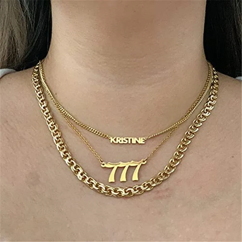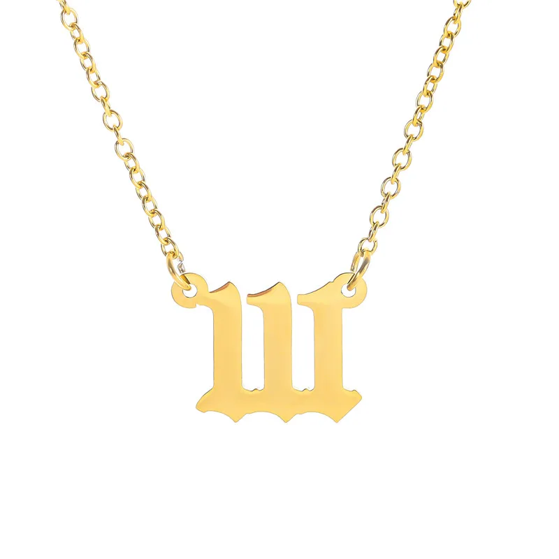 Angel Number Gold Necklace Simple Design 111 222 333 444 555 666 777 888 999 Pendant Choker Necklace for Women Jewelry
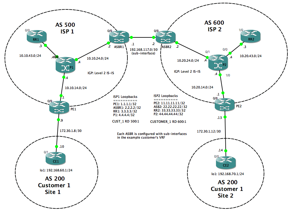 This lab has two different ISP ASNs connecting to each other over a sub-interfaced link. This link has been placed into the customers VRF, which has been configured on both ASBRs. A standard IPv4 eBGP session has been created across the link to exchange routes. This method is commonly referred to as Option A.
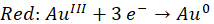 Reduktorem jest atom, który zwiększa swój stopień utlenienia (Fe: 0 → +3), a utleniaczem ten, który zmniejsza swój stopień utlenienia (Au: +3 → 0).
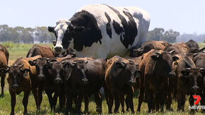 オーストラリアのホルスタイン(厳密には肉牛ではないのだが)で食肉加工場に出荷しようとするもデカすぎて断られたため(機械に乗らない)ため命拾いしたニッカーズという名前の牛さん。体高194センチと大体マイケルジョーダンと同じぐらいだそうで、記録上は2番目に大きい牛らしい。(ギネス記録は220センチらしいが写真が見つからなんだ)
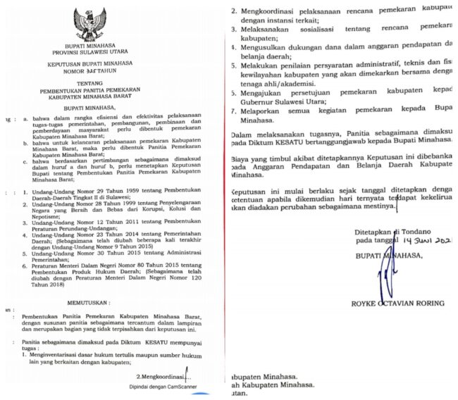 Bupati Minahasa Terbitkan SK Panitia Pemekaran Minahasa Barat
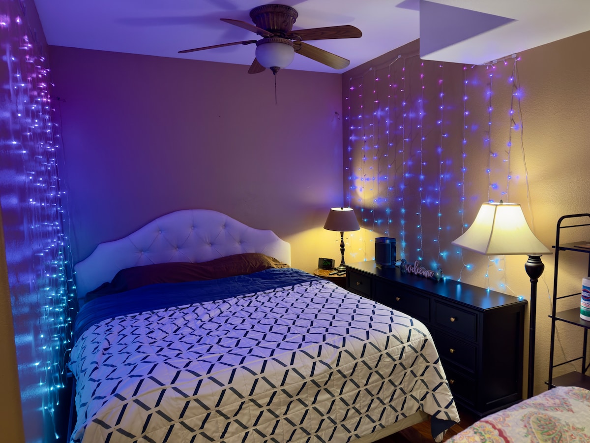 C'est un sous-sol/suite moderne et élégant situé en ville! Le logement a une entrée privée avec une serrure à digicode. Comprend une chambre avec un très grand lit et une télévision et une chambre avec un grand lit. Un ensemble de literie queen supplémentaire est disponible sur demande, mais le matelas pneumatique n'est pas fourni. Un salon avec une télévision, une cuisine, une laveuse et une sécheuse, et deux places de stationnement. Le logement est équipé d'une connexion Internet haute vitesse et de café. Situé à quelques minutes du centre-ville de Reno! Et à moins d'un mile du Reno-Sparks Livestock Event Center.
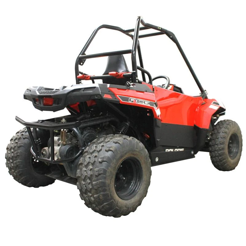 Factory UTV offers full rear bumper protection for your Polaris Ace 150 or Polaris Ranger 150. Protect your 150 Rear plastic from being destroyed on a trail impact. Constructed from mild steel tubing to keep weight down while maintaining strength and durability and powder coated with a durable black finish. Bumper mounts in 4 spots using existing mounting locations on the Polaris Ace 150, no modifications necessary. Bumper comes with all necessary hardware. This is a great looking customization for your Polaris RZR Ace 150!
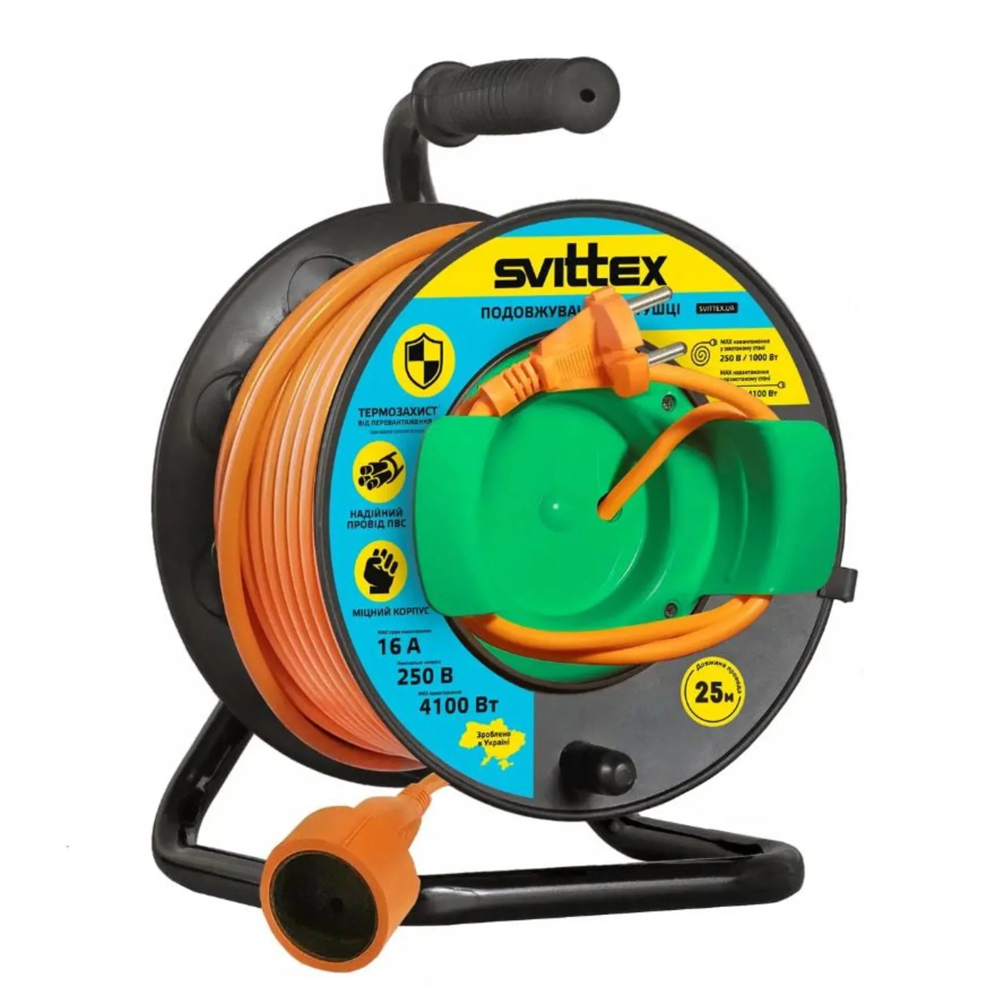 Потужний та надійний подовжувач SVITTEX розроблений для виконання складних завдань із підключення електроприладів. Завдяки довжині кабелю 25 метрів та додатковому кабелю з вилкою довжиною 1,3 м, він забезпечує максимальну зручність у використанні. Подовжувач підходить для дому, офісу, майстерні та будівельних об'єктів.
* * *
◆ **Exercise**
Keep the pictures out and transcribe the entries exactly.

◆ **Your response**
 Angel Number Gold Necklace Simple Design 111 222 333 444 555 666 777 888 999 Pendant Choker Necklace for Women Jewelry
 This lab has two different ISP ASNs connecting to each other over a sub-interfaced link. This link has been placed into the customers VRF, which has been configured on both ASBRs. A standard IPv4 eBGP session has been created across the link to exchange routes. This method is commonly referred to as Option A.
 Reduktorem jest atom, który zwiększa swój stopień utlenienia (Fe: 0 → +3), a utleniaczem ten, który zmniejsza swój stopień utlenienia (Au: +3 → 0).
 オーストラリアのホルスタイン(厳密には肉牛ではないのだが)で食肉加工場に出荷しようとするもデカすぎて断られたため(機械に乗らない)ため命拾いしたニッカーズという名前の牛さん。体高194センチと大体マイケルジョーダンと同じぐらいだそうで、記録上は2番目に大きい牛らしい。(ギネス記録は220センチらしいが写真が見つからなんだ)
 Bupati Minahasa Terbitkan SK Panitia Pemekaran Minahasa Barat
 C'est un sous-sol/suite moderne et élégant situé en ville! Le logement a une entrée privée avec une serrure à digicode. Comprend une chambre avec un très grand lit et une télévision et une chambre avec un grand lit. Un ensemble de literie queen supplémentaire est disponible sur demande, mais le matelas pneumatique n'est pas fourni. Un salon avec une télévision, une cuisine, une laveuse et une sécheuse, et deux places de stationnement. Le logement est équipé d'une connexion Internet haute vitesse et de café. Situé à quelques minutes du centre-ville de Reno! Et à moins d'un mile du Reno-Sparks Livestock Event Center.
 Factory UTV offers full rear bumper protection for your Polaris Ace 150 or Polaris Ranger 150. Protect your 150 Rear plastic from being destroyed on a trail impact. Constructed from mild steel tubing to keep weight down while maintaining strength and durability and powder coated with a durable black finish. Bumper mounts in 4 spots using existing mounting locations on the Polaris Ace 150, no modifications necessary. Bumper comes with all necessary hardware. This is a great looking customization for your Polaris RZR Ace 150!
 Потужний та надійний подовжувач SVITTEX розроблений для виконання складних завдань із підключення електроприладів. Завдяки довжині кабелю 25 метрів та додатковому кабелю з вилкою довжиною 1,3 м, він забезпечує максимальну зручність у використанні. Подовжувач підходить для дому, офісу, майстерні та будівельних об'єктів.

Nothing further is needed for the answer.